Codons link nucleic acids to proteins even the function of the genes (Bastolla et al. 2017). Therefore, the codon usage patterns have been used for characterizing the evolutionary distance among the genomes (Liu et al. 2020a). The similar codon preference denotes the closer genetic relationship (Sophiarani et al. 2019). The chloroplast genomes of Malus species concerned in the present study would be divided into three groups. Among all the chloroplast genomes, the Malus angustifolia (MN061984.1), Malus coronaria (MN068247.1), Malus ioensis (MN062004.1) and Malus x atrosanguinea (MN061983.1) are all from the USA and three of them gathered together with some other strains, others are all from Chinese (Fig. 6).
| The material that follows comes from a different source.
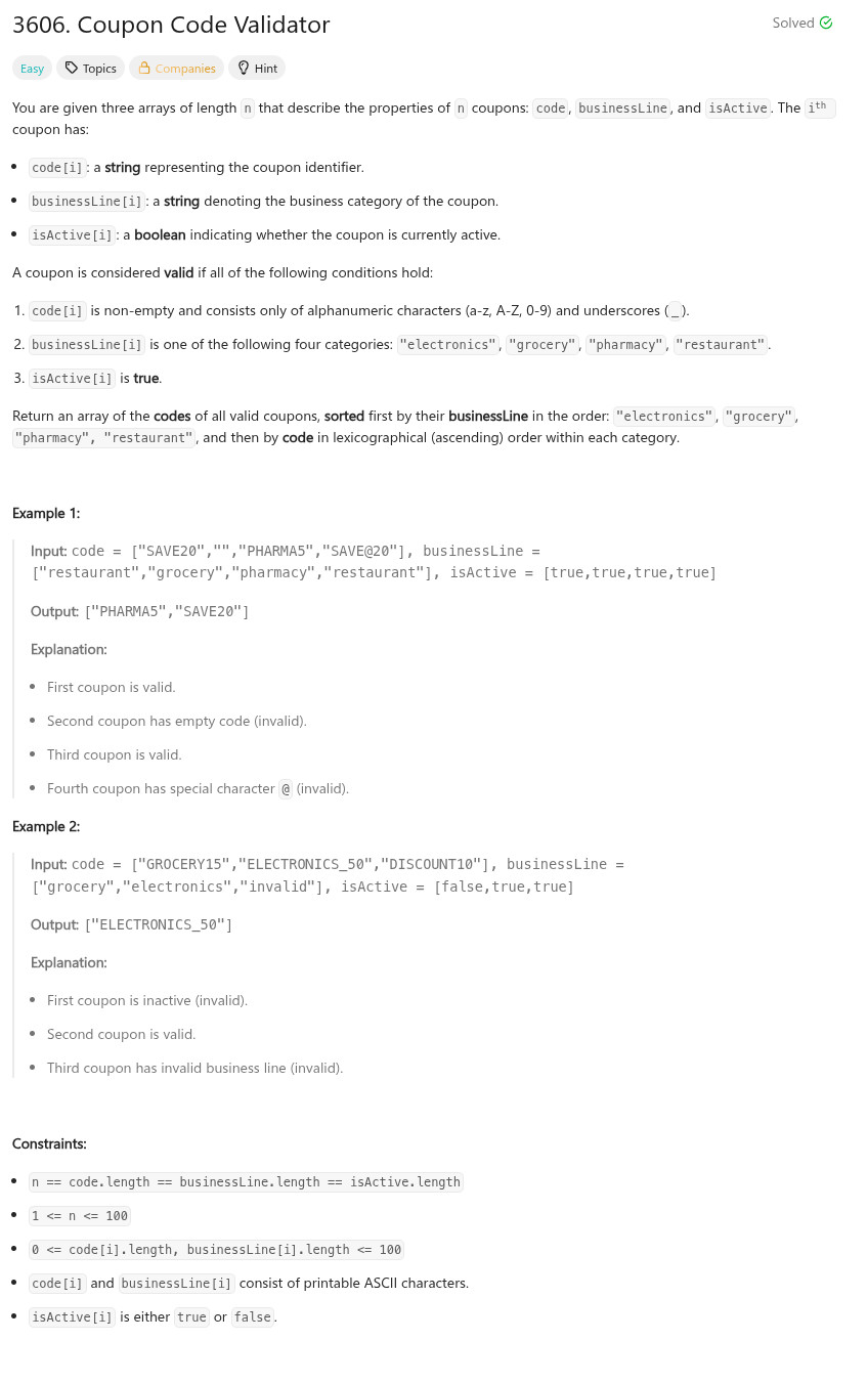 char** validateCoupons(char** code, int codeSize, char** businessLine, int businessLineSize, bool* isActive, int isActiveSize, int* returnSize)

From this perspective, the geographic location dose not affects the evolutionary relationships obviously among those chloroplast genomes.

Phylogenetics depends greatly on the sequence alignment of genomes (Li et al. 2021b). The reliable sequences and effective analytical methods are very helpful for improving the reliability of the results (Zhang et al. 2017). Our present analyses produced largely identical deep relationships among the 20 chloroplast genomes of Malus species. The results highlight the importance of codon usage pattern in studying the diversity and the evolutionary distance among the plants via using their chloroplast genomes. All the diversity degree were calculated based on the ratio of the base pairs and the ratio of codons, therefore, the results shown in Fig. 7 depend strictly normalized data: on the nature of the genetic dispersion among the sequences, not the lengths of the gene sequences.

All data of chloroplast genomes of Malus species derived from the NCBI database were took into account, and 20 strains of them covering all kinds of the species were selected. Codon usage patterns both in overall genomes and in several certain typical genes, as well as evolutionary relationships among them, were calculated and analyzed in the present study. From the results, we found that, (1) all chloroplast genomes of Malus species are AT rich, bases of the sequences are affected by both the mutation and the natural selection pressure. The natural selection played a major role, especially on their third bases. (2) codon usage preferences in different genes are of significant differences although their overall codon usages are similar, and (3) the evolutionary characteristics of all genomes have not show obvious regional characteristics from the correspondence analysis. Overall, the codon usage pattern of the chloroplast genomes of Malus species will facilitate phylogenic and genetic research of plant species.